Data supplied =
───

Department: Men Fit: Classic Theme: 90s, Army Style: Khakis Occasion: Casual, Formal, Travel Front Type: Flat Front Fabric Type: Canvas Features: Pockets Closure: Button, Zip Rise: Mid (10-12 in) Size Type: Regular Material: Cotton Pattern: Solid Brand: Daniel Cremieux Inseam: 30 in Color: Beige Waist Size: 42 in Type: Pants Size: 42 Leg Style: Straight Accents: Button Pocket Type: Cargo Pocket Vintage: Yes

───

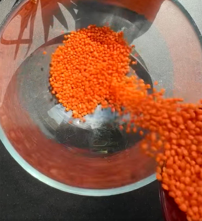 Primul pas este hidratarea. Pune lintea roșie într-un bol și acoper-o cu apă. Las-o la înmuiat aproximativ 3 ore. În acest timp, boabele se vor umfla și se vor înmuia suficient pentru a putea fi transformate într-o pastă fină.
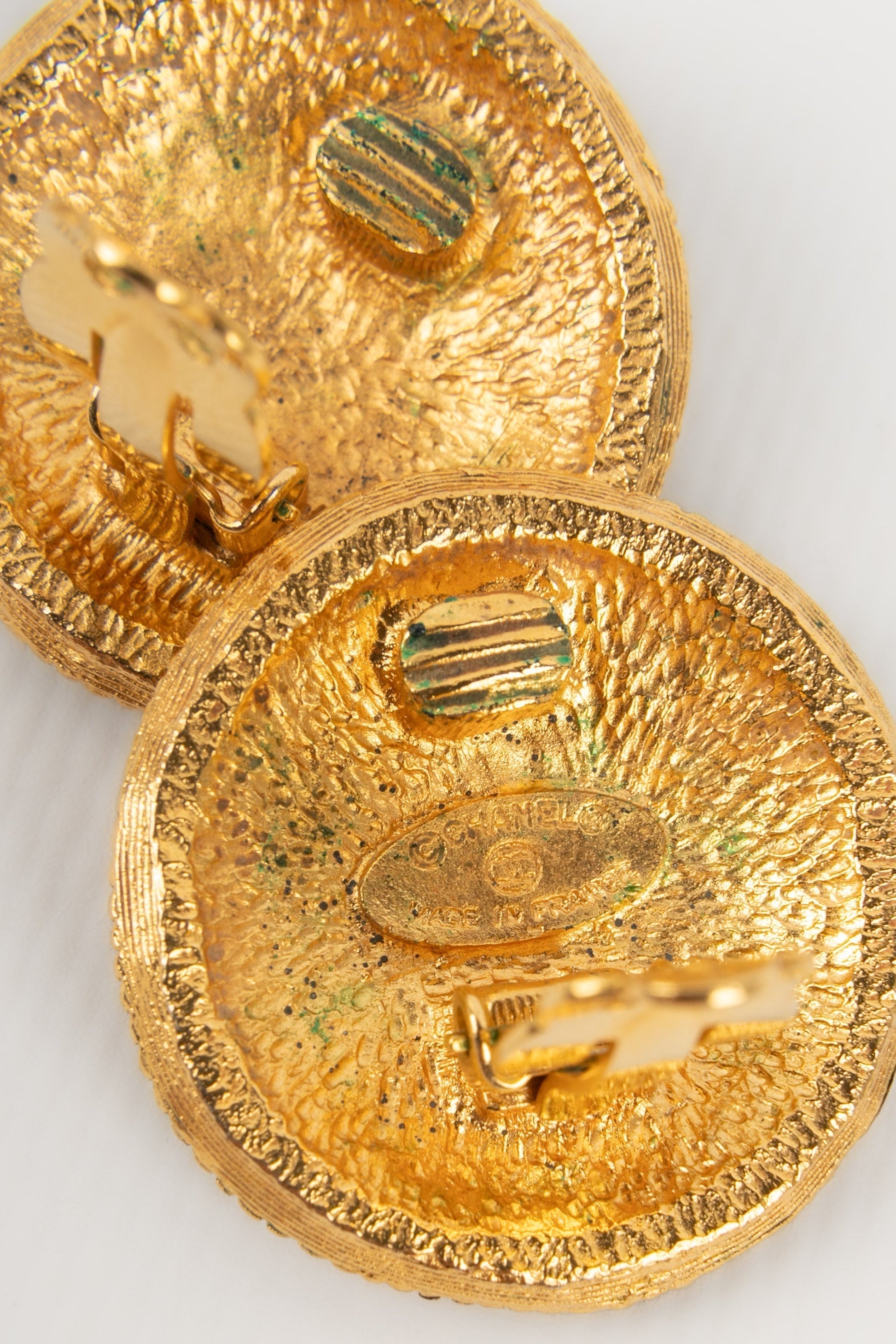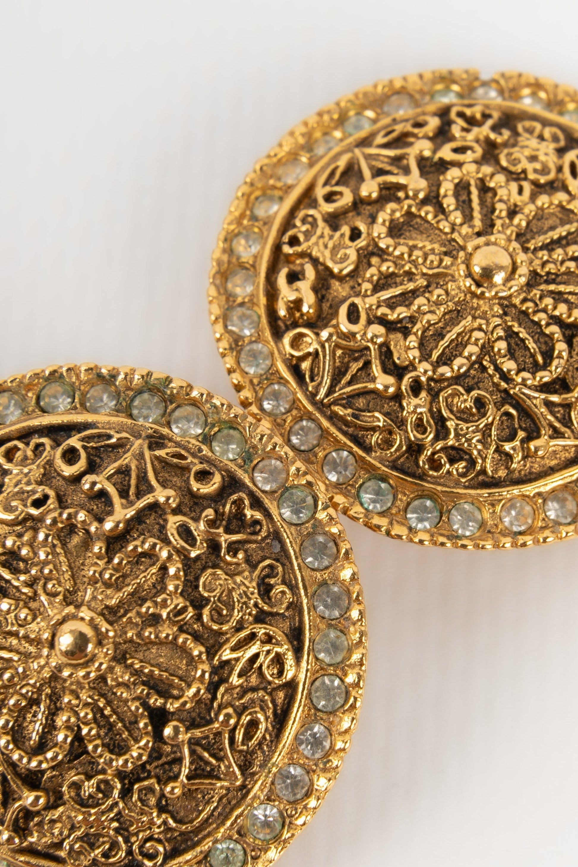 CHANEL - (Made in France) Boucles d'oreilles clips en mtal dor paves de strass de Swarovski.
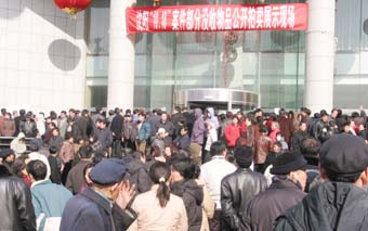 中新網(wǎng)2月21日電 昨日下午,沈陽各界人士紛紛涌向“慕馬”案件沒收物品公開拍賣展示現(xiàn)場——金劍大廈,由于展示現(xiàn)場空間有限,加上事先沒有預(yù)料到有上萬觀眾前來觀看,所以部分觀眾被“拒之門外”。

───

Work order = Give back the exact lines above, running from the one that has "CHANEL - (Made" through the one that has "中新網(wǎng)2月21日", with nothing added and no pictures.

The answer =
 CHANEL - (Made in France) Boucles d'oreilles clips en mtal dor paves de strass de Swarovski.
 中新網(wǎng)2月21日電 昨日下午,沈陽各界人士紛紛涌向“慕馬”案件沒收物品公開拍賣展示現(xiàn)場——金劍大廈,由于展示現(xiàn)場空間有限,加上事先沒有預(yù)料到有上萬觀眾前來觀看,所以部分觀眾被“拒之門外”。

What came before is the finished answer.